> [Assignment] From the listing below, set down exactly the lines between the one holding "36x20mm Violet Grey" and the one holding "休職経験者に「復職後も同じ職", inclusive. No other line is wanted.

*** Extracted data Section Begins ***

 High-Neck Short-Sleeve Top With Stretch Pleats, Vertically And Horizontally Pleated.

*** Extracted data Section Ends ***
*** Extracted data Section Begins ***

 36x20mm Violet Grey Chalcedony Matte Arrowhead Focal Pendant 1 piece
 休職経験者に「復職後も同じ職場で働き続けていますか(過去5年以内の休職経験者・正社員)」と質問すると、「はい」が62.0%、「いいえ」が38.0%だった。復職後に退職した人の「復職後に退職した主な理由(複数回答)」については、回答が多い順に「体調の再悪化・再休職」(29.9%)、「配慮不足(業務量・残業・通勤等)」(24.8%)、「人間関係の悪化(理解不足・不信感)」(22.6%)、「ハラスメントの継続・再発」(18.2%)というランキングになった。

*** Extracted data Section Ends ***
*** Extracted data Section Begins ***

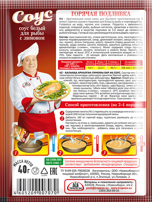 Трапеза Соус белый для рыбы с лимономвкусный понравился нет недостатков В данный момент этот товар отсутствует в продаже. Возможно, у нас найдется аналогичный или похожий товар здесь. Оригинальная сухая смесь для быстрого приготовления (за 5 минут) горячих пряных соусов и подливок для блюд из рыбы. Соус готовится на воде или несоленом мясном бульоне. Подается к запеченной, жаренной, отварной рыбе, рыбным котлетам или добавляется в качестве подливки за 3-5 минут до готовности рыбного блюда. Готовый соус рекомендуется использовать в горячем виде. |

*** Extracted data Section Ends ***

> [Your response]
 36x20mm Violet Grey Chalcedony Matte Arrowhead Focal Pendant 1 piece
 休職経験者に「復職後も同じ職場で働き続けていますか(過去5年以内の休職経験者・正社員)」と質問すると、「はい」が62.0%、「いいえ」が38.0%だった。復職後に退職した人の「復職後に退職した主な理由(複数回答)」については、回答が多い順に「体調の再悪化・再休職」(29.9%)、「配慮不足(業務量・残業・通勤等)」(24.8%)、「人間関係の悪化(理解不足・不信感)」(22.6%)、「ハラスメントの継続・再発」(18.2%)というランキングになった。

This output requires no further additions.